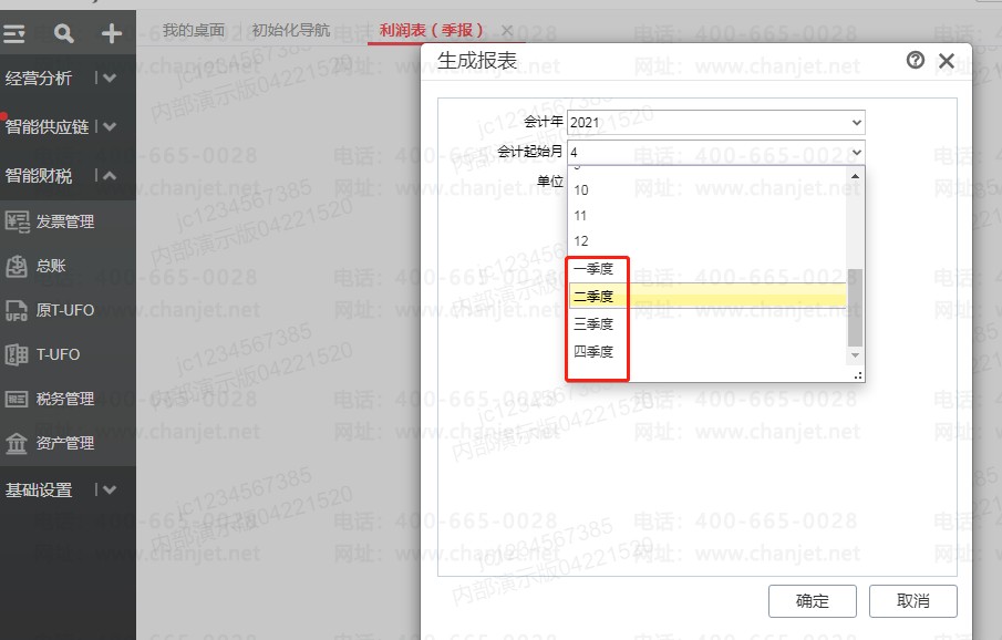 问题解答:用友T+软件支持季度报表出具,而且特别方便,只是选择关键词时需要特别注意,需要选择(一季度、二季度等汉字);数据才会正确;
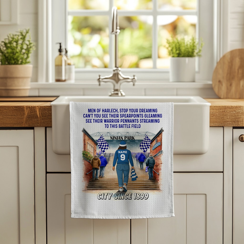 Women’s Football Personalised Kitchen Tea Towel is perfect for every football fan, custom personalised with a name and squad number.
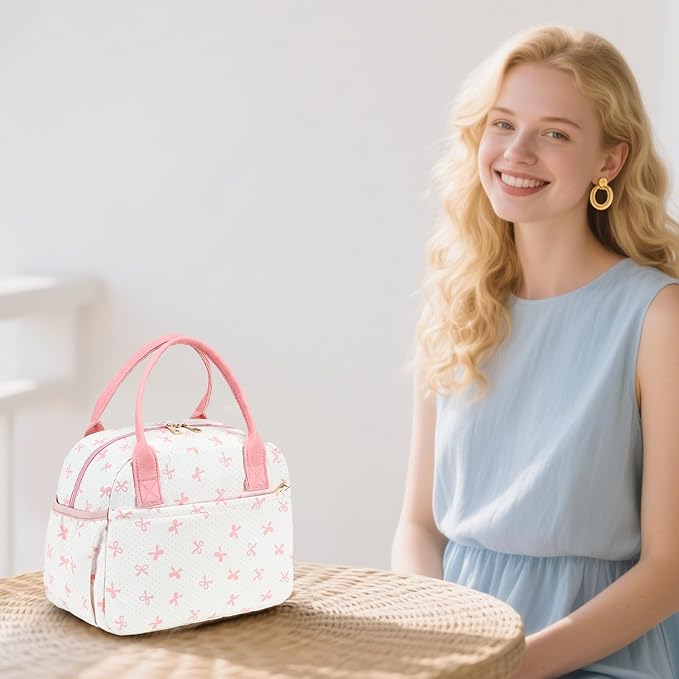 CAMTOP Lunch Box for Women Insulated Lunch Bag Lunchbox Cooler Thermal Leakproof Quilted Reusable Lunch Tote Bag for Work School Travel Picnic (Pink Bow)

++++++

*TASK REQUIREMENTS*
Set down all the data again exactly as above, pictures excluded.

*OUTPUT FOR THIS EXERCISE*
 问题解答:用友T+软件支持季度报表出具,而且特别方便,只是选择关键词时需要特别注意,需要选择(一季度、二季度等汉字);数据才会正确;
 Women’s Football Personalised Kitchen Tea Towel is perfect for every football fan, custom personalised with a name and squad number.
 CAMTOP Lunch Box for Women Insulated Lunch Bag Lunchbox Cooler Thermal Leakproof Quilted Reusable Lunch Tote Bag for Work School Travel Picnic (Pink Bow)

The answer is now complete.